Abstract:
The present work will deal with what is being considered the biggest tax controversy
ever judged by our supreme court to date, it is the exclusion of ICMS from the
calculation base of social contributions of PIS and COFINS, subject of Special Appeal
1.144 .4469 / PR, and the judgment of Extraordinary Appeal 574.706 / PR (Theme
69), which were well explored, with great care. The main objective is permeated in
the analysis of points that left room for interpretations, which are extremely relevant,
such as what should be the correct value to be taken into account when excluding the
basis for calculating these two contributions, and from when the effects of this
grandiose decision, must begin to be practiced.
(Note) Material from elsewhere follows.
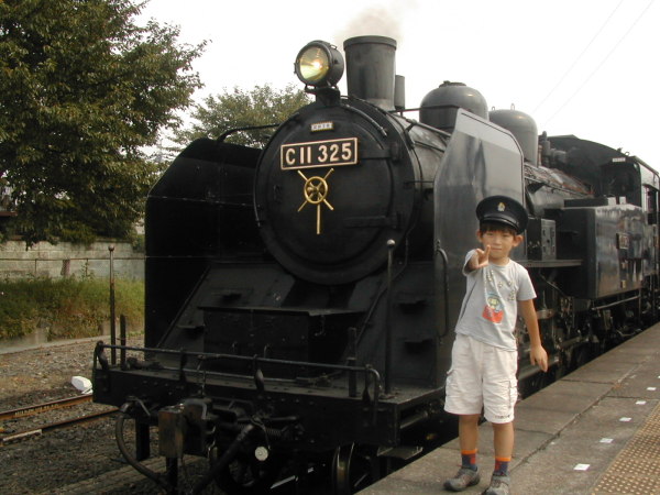 車掌さんの帽子をかぶってピース

In fact, although the thesis of general
repercussion, signed by the STF was objective, the consequences and, mainly, to the
operational conditions, of this victory on the part of the taxpayers, still remains the
subject of conflicts in the legal scope. It is noteworthy that, under this scenario, the
National Treasury filed, in the face of the ruling, Declaration Embargos, and also the
Federal Revenue of Brazil, issued the Internal Consultation Solution No. 13, with the
objective of guidance, under its prism and certain , which we highlight main points,
which contributed to the objective of the work. In the meantime, of a great judgment
that represents a firmament of understanding on tax jurisprudence, we will try to
identify, always with support in the constitutional text, which is the due value of the
ICMS to be excluded in the calculation basis of the two contributions, and even when
effects should start to have their effects.